DUT selection is done by four 16-to-1 multiplexers, controlled by the GPIO pins of a Raspberry Pi. Connections between the boards are made via 4-meter flat cables. Two tests have been performed: one at the ATLAS target dose and another at 20 kGy and 360 Gy/h. For the first test, we did not observe significant variations in the current drawn the DUTs, as well as in the eye diagram, rise/fall time, jitter and bit error rate. For the high-dose test, data analysis is ongoing. We foresee applying impedance spectroscopy, a non-destructive technique recently used to study the capacitive behavior of Si pn diodes [3] and the TID response of LVDS receivers [4], to assess potential damage on specific decive sections.

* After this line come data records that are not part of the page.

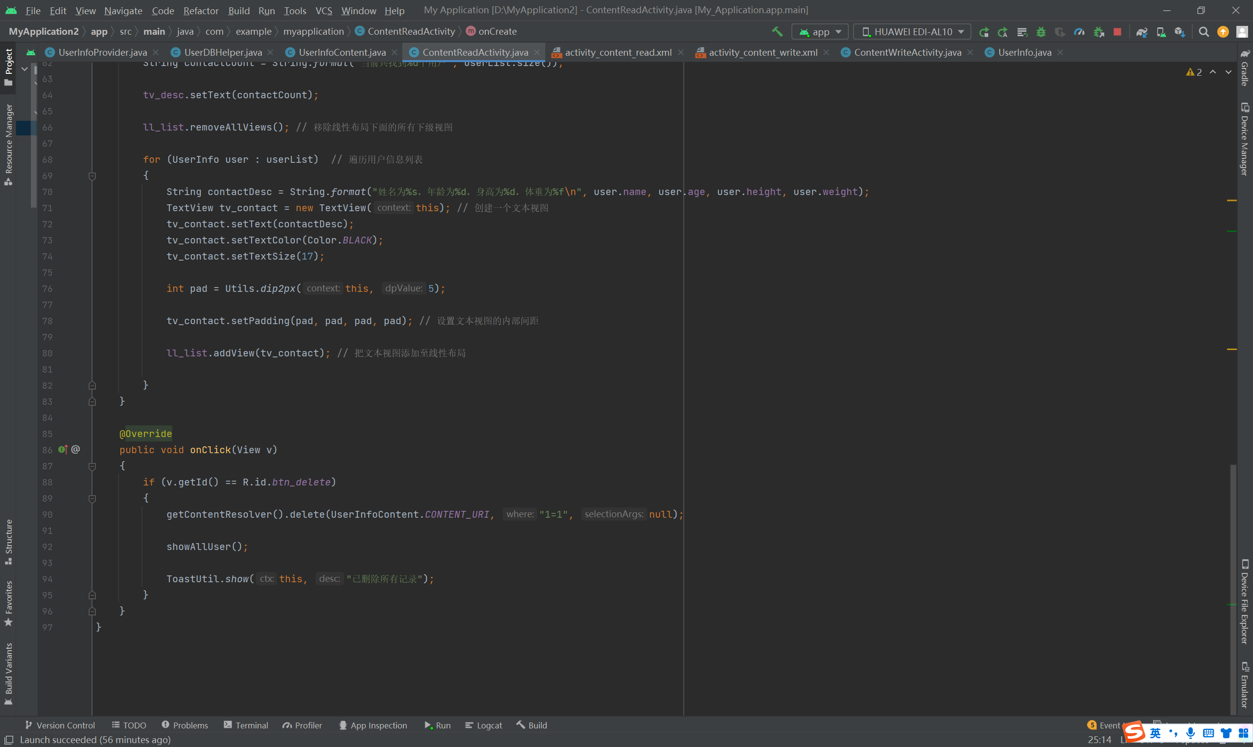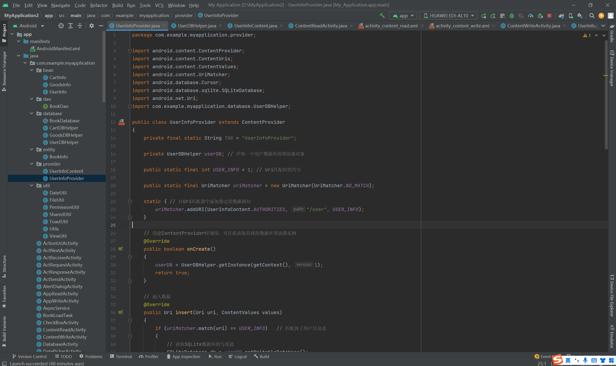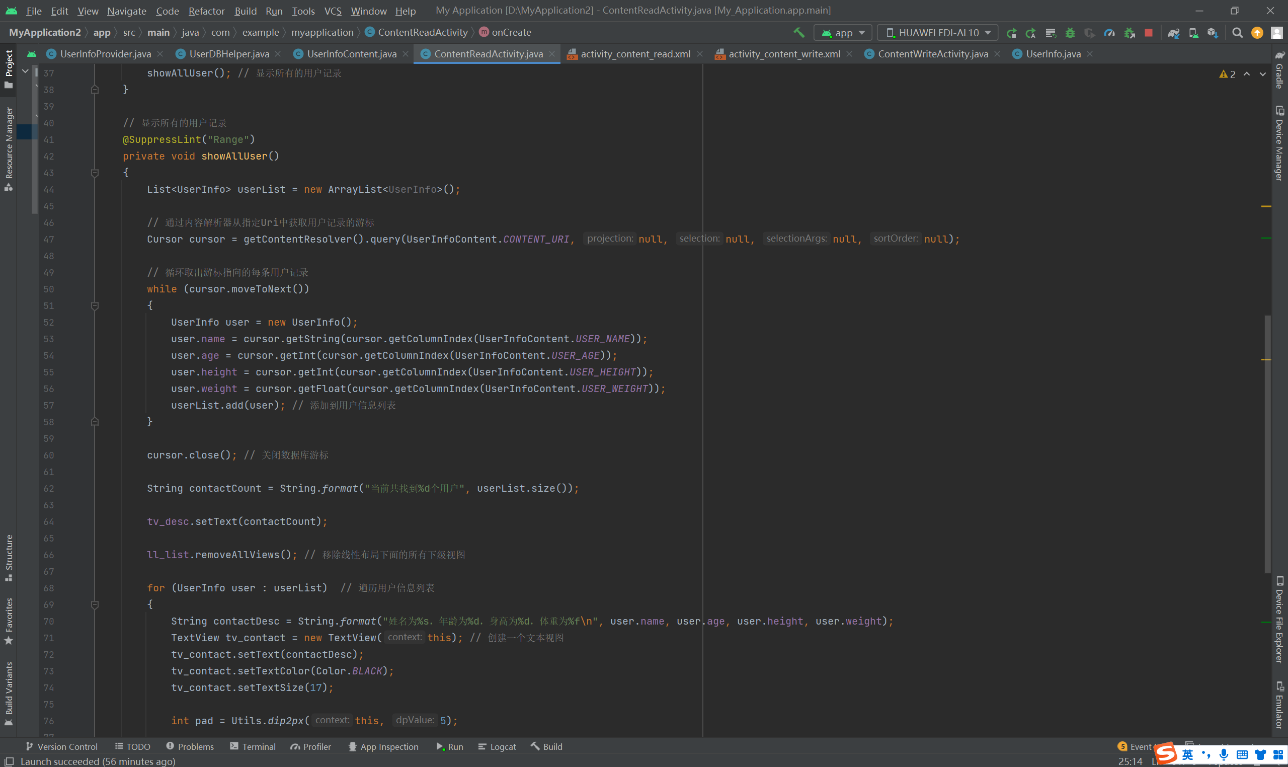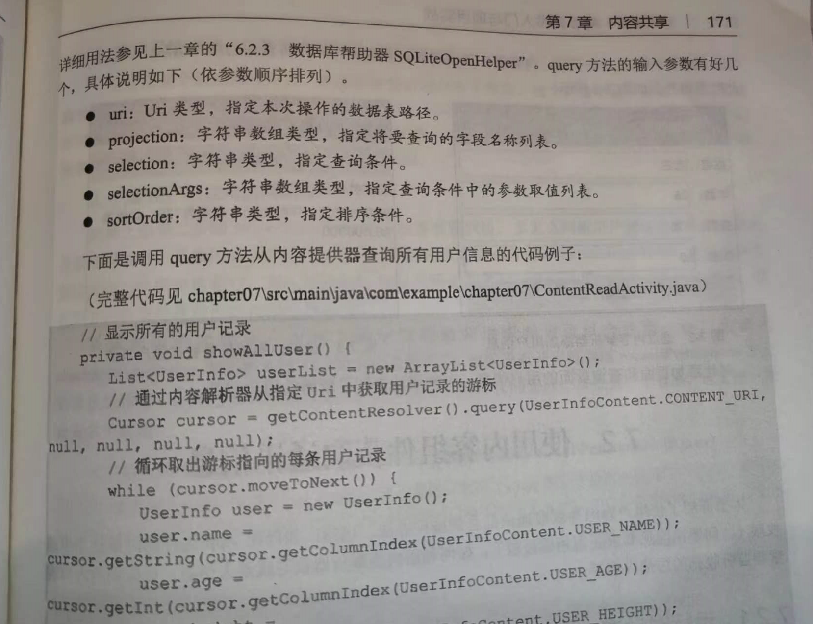 Cursor cursor = getContentResolver().query(UserInfoContent.CONTENT_URI, null, null, null, null);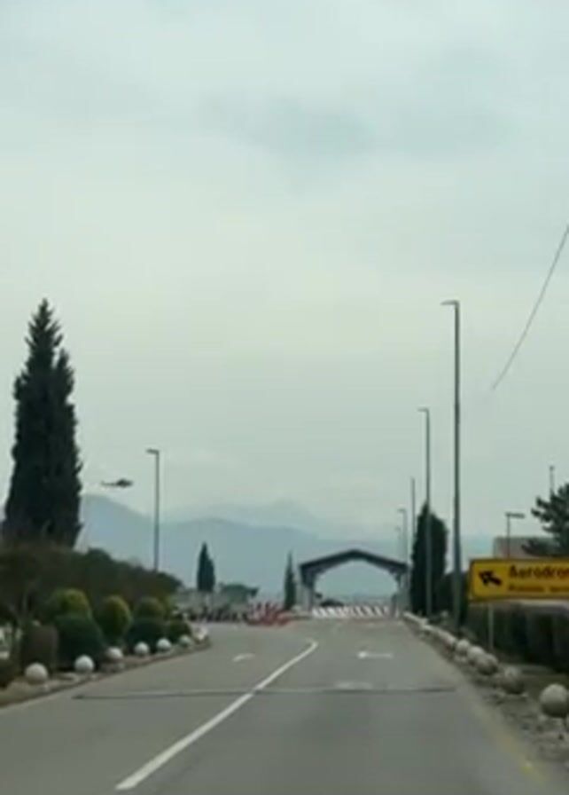 road leading to an airport. The road is paved and has white lines marking the lanes. On either side of the road are trees and round, white stone bollards. Streetlights line the road. A sign on the right directs traffic to the airport terminal. In the distance, there is a gate with red and white striped barriers blocking the road. Beyond the gate, mountains are visible in the background. A helicopter flies over the mountains and gate. The sky is overcast.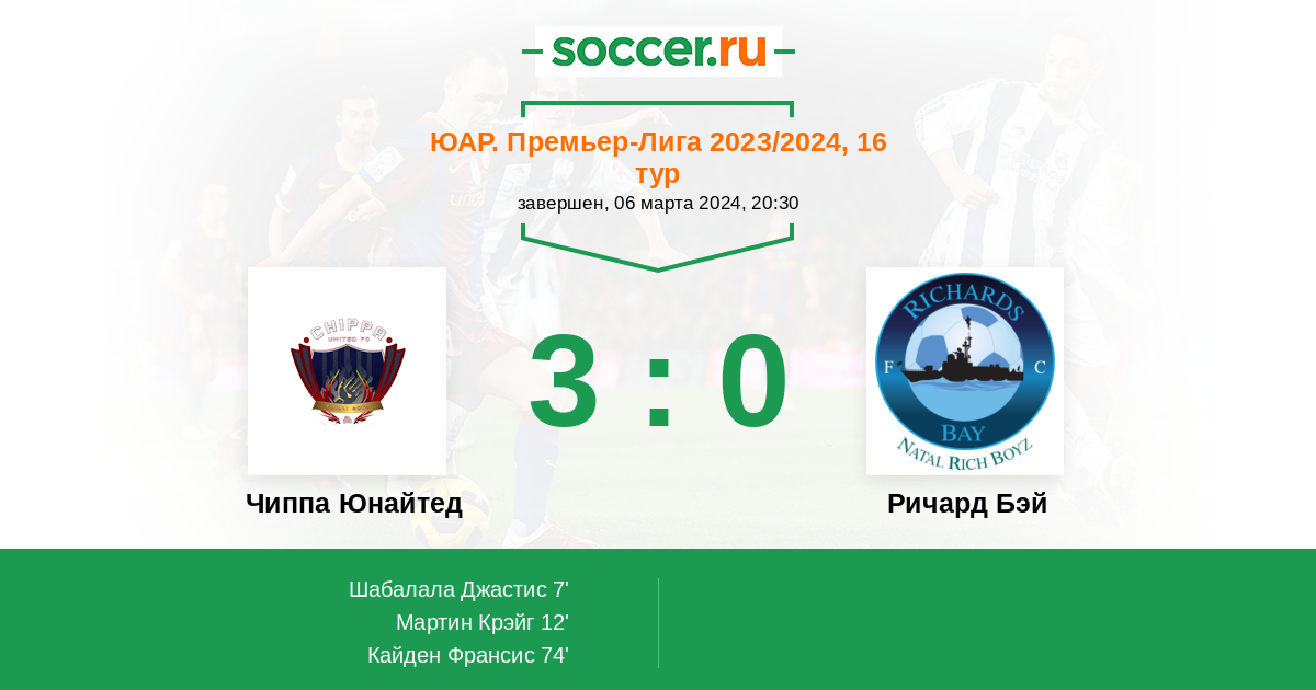 Протокол матча Чиппа Юнайтед против Ричард Бэй

[1] M. Bauce et al., ATLAS Level-0 Muon Barrel Trigger system status and integration tests for Phase-II, Nucl. Instrum. Meth. A 1069 (2024) 169843.
[2] P. Casolaro et al., TID damage assessment on LVDS links for the ATLAS muon barrel spectrometer readout system, 2025 JINST 20, C01023
[3] P. Casolaro et al., Modeling the diffusion and depletion capacitances of a silicon pn diode in forward bias with impedance spectroscopy, J. Appl. Phys. 136 (2024) 115702.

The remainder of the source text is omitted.